## Task item
Output must consist only of the lines of the material below from the one with "11:32 走行後のタイヤ 走行終了後のタイヤ。" through the one with "JBL Clip 4 portable", each reproduced exactly; no pictures belong in it.

Content starts

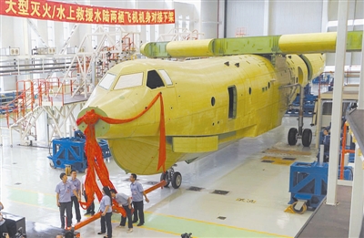 中航工业研制AG600是当今世界上在研的最大一款水陆两栖飞机,是为满足森林灭火和水上救援的迫切需要,属于国家应急救援体系建设急需的重大航空装备。总长达39.3米的机身正式对接完成,全面进入总装阶段,标志着项目研制取得了重要的阶段性成果,为2015年底前AG600飞机完成总装,2016年上半年实现首飞奠定了基础。 新华社记者 魏蒙 摄
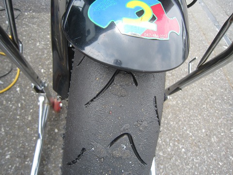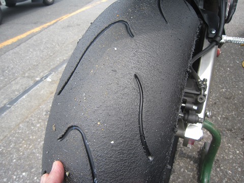 11:32 走行後のタイヤ 走行終了後のタイヤ。 前回、筑波TTの決勝で使って10周ちょいと、今日の25分×2本。 トータルで約1時間走行。 まだまだ、溝ありますね。 ここまで走行して1本目、フロント側は走り出し190Nで、走行後180Nと下がり気味。 リヤ側は走り出し190Nで、走行後200Nと上がり気味。 なので、2本目はフロントを200Nスタート、で終わり195N リヤは180Nスタートで終わり195Nでした。 チェッカー後のラップはかなり遅いから、若干エアー圧が下がっちゃうと思うけど、これくらいの気候だと、こんなもんでイイかな。 って言うか、1本目と2本目のエアー圧の違い、『走りでは、わかりませんでした。』 ( ̄。 ̄;) |
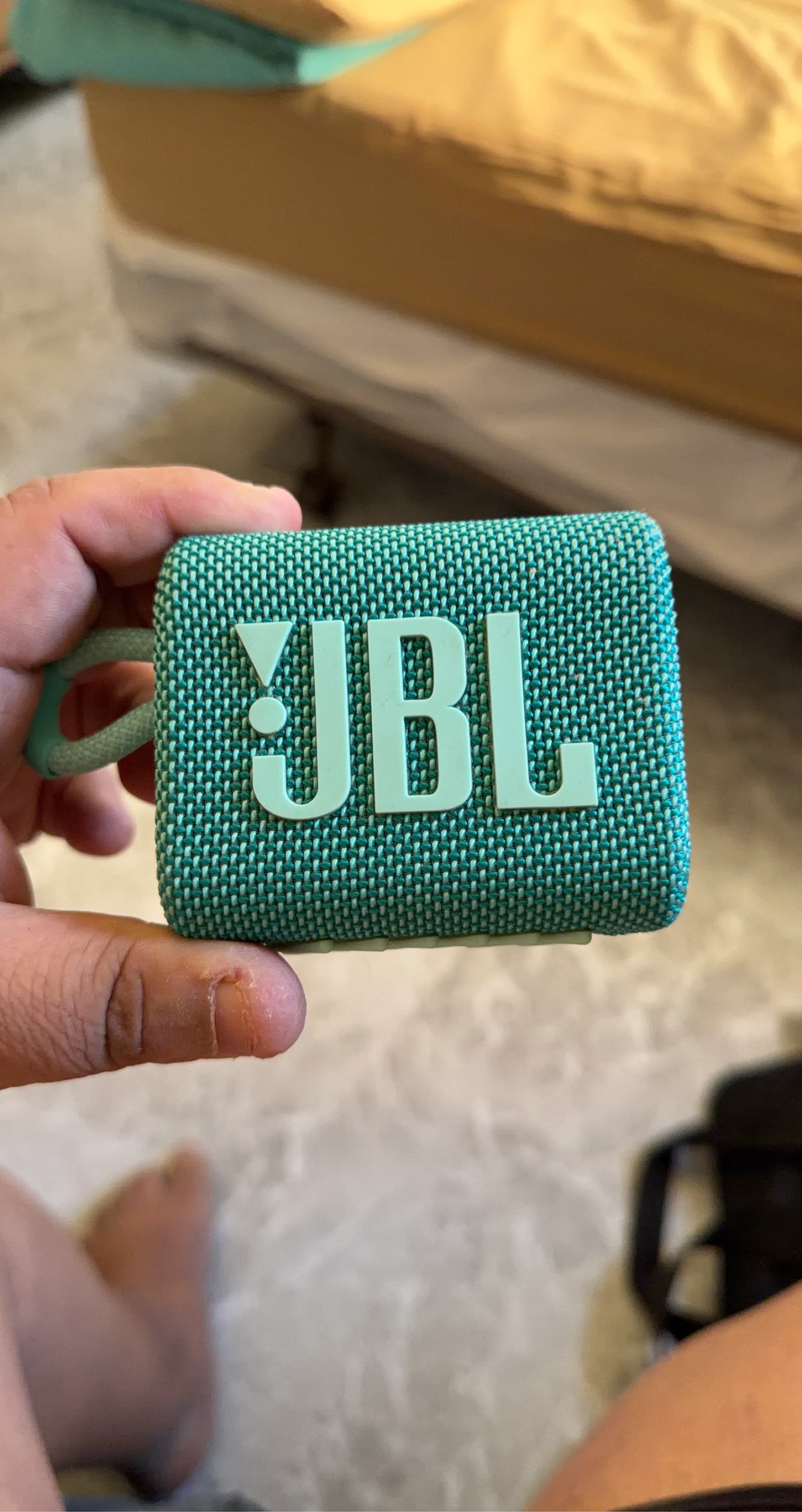 JBL Clip 4 portable speaker. It's waterproof and has Bluetooth. Teal color with fabric exterior. Includes a carabiner clip for easy carrying. Great for outdoor use!
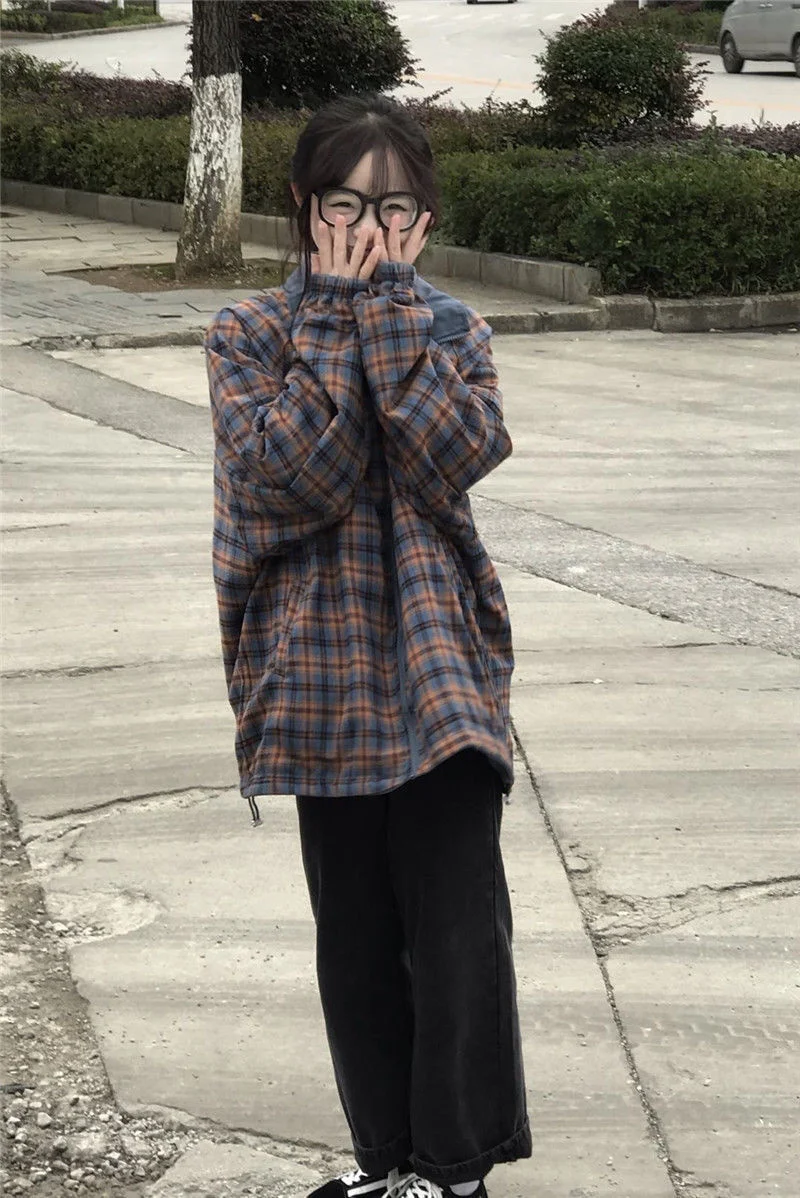 Yeknu Reversible jacket for women Korean loose autumn new multi-pocketed jacket Harajuku retro gown shirts preppy campus hip hop coat
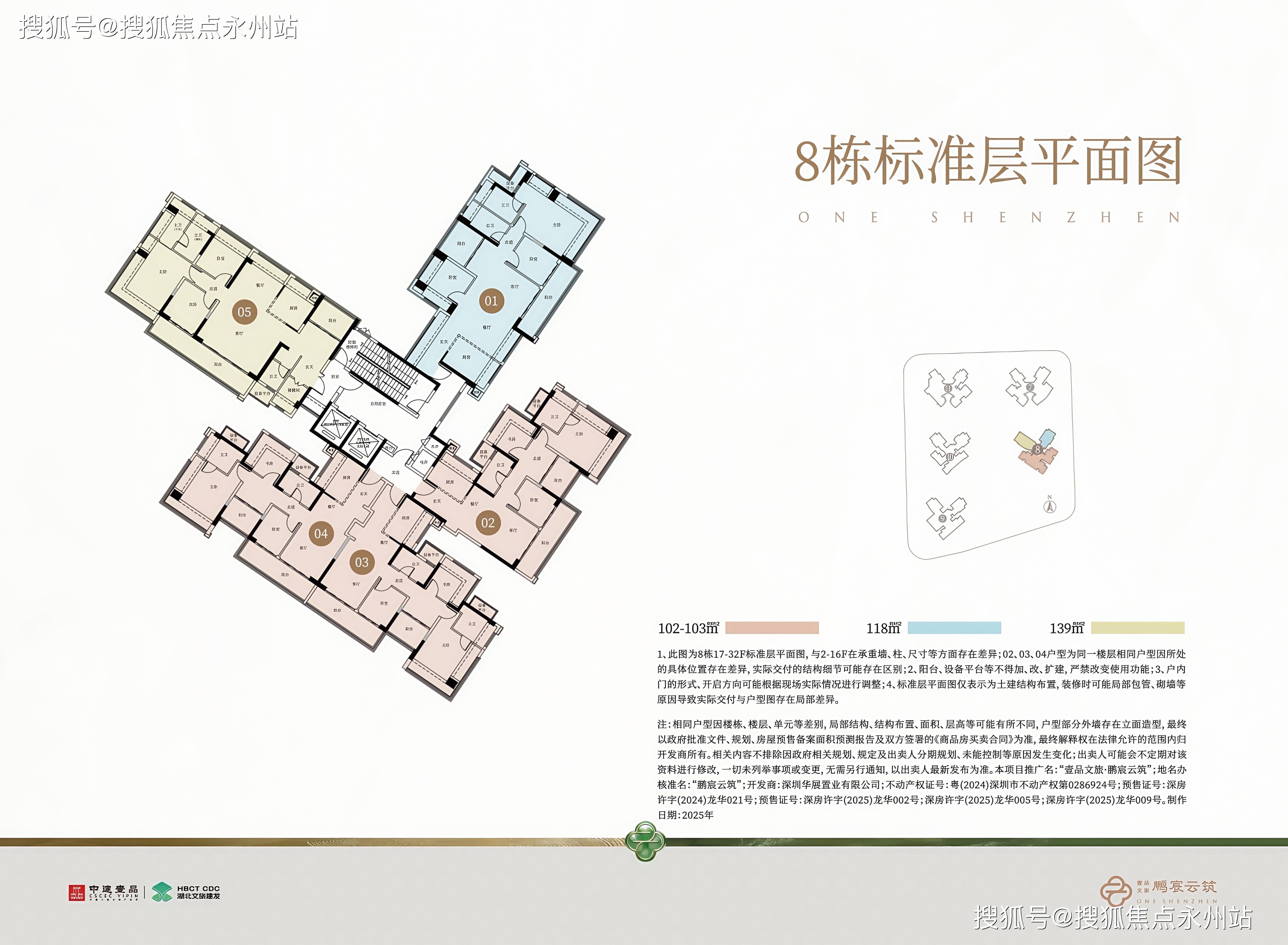 本次将推的是西地块8栋住宅,总高32层,2梯5户设计,总共154套,面积有102-118平的4房2卫,139平的4+1房2卫户型,均为纯四房设计,采用深圳建筑新规标准,综合实用率超100%
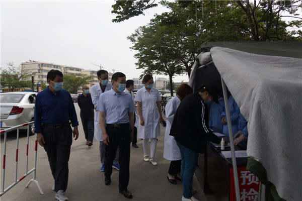 5月25日上午,院党委书记、董事长房奇组织分管院领导、相关职能部门负责人对施工病房、医院外环境及发热门诊等进行了行政查房。
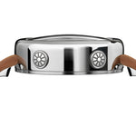 The Manometro Chronograph performance has been enhanced by the use of a prestigious Dubois-Dépraz, automatic bi-directional, 42-hour power reserve caliber 2030 movement. It’s covered by a closed back held to the 45 mm case by 8 screws, 4 of which also secure the beautiful hand sewn leather strap.
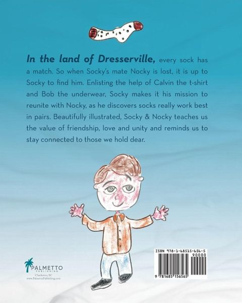 In the land of Dresserville, every sock has a match. So when Socky's mate Nocky is lost, it is up to Socky to find him. Enlisting the help of Calvin, the t-shirt and Bob the underwear, Socky makes it his mission to reunite with Nocky, as he discovers socks really work best in pairs. Beautifully illustrated, Socky & Nocky teaches us the value of friendship, love and unity and reminds us to stay connected to those we hold dear.
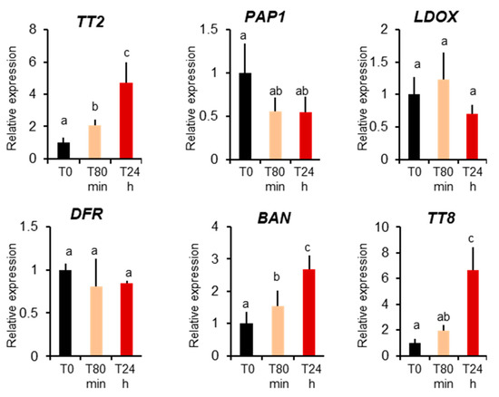 MYB–BHLH–WDR component and target expression during heat stress. Col 0-plants were collected before heat stress (T0), after 80 minutes of heat stress (T80min) and the next day (T24h). Gene expression was measured using real-time quantitative PCR. Results are the means of six independent experiments. Bars represent standard errors. Different letters indicate the statistical significance with p-values < 0.05 (Student’s t-test).
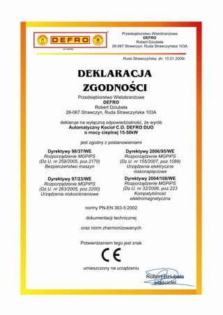 Dziękujemy za wybranie kotła grzewczego typu DEFRO DUO z szerokiej oferty wyrobów
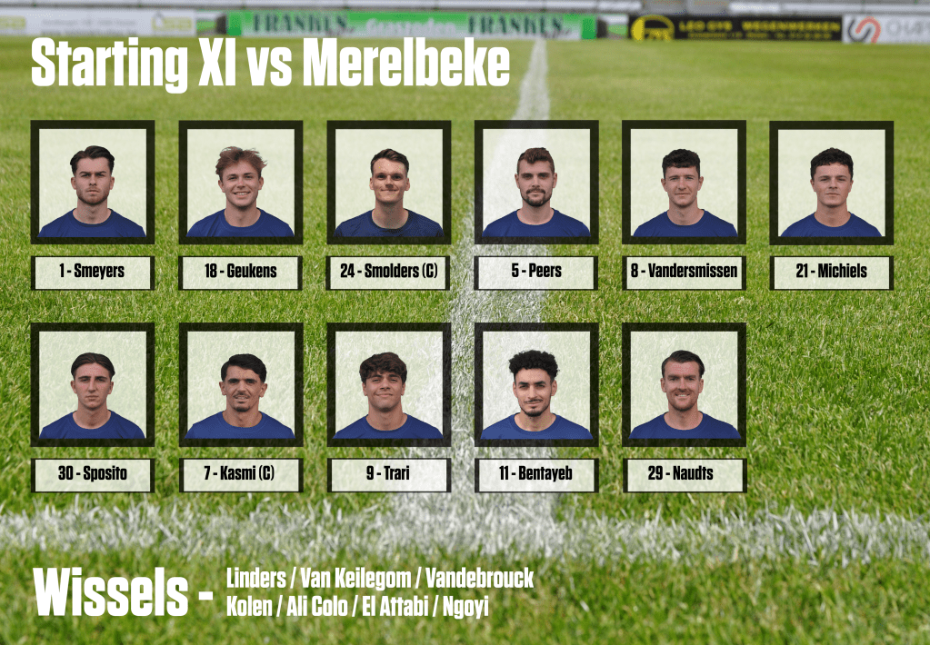 76′ Van Keilegom onderschept halverwege de Merelbeekse helft, hij geeft mee aan El Attabi die vakkundig zijn man uitspeelt en vervolgens net naast schuift.

Content ends

## Answer for this exercise
 11:32 走行後のタイヤ 走行終了後のタイヤ。 前回、筑波TTの決勝で使って10周ちょいと、今日の25分×2本。 トータルで約1時間走行。 まだまだ、溝ありますね。 ここまで走行して1本目、フロント側は走り出し190Nで、走行後180Nと下がり気味。 リヤ側は走り出し190Nで、走行後200Nと上がり気味。 なので、2本目はフロントを200Nスタート、で終わり195N リヤは180Nスタートで終わり195Nでした。 チェッカー後のラップはかなり遅いから、若干エアー圧が下がっちゃうと思うけど、これくらいの気候だと、こんなもんでイイかな。 って言うか、1本目と2本目のエアー圧の違い、『走りでは、わかりませんでした。』 ( ̄。 ̄;) |
 JBL Clip 4 portable speaker. It's waterproof and has Bluetooth. Teal color with fabric exterior. Includes a carabiner clip for easy carrying. Great for outdoor use!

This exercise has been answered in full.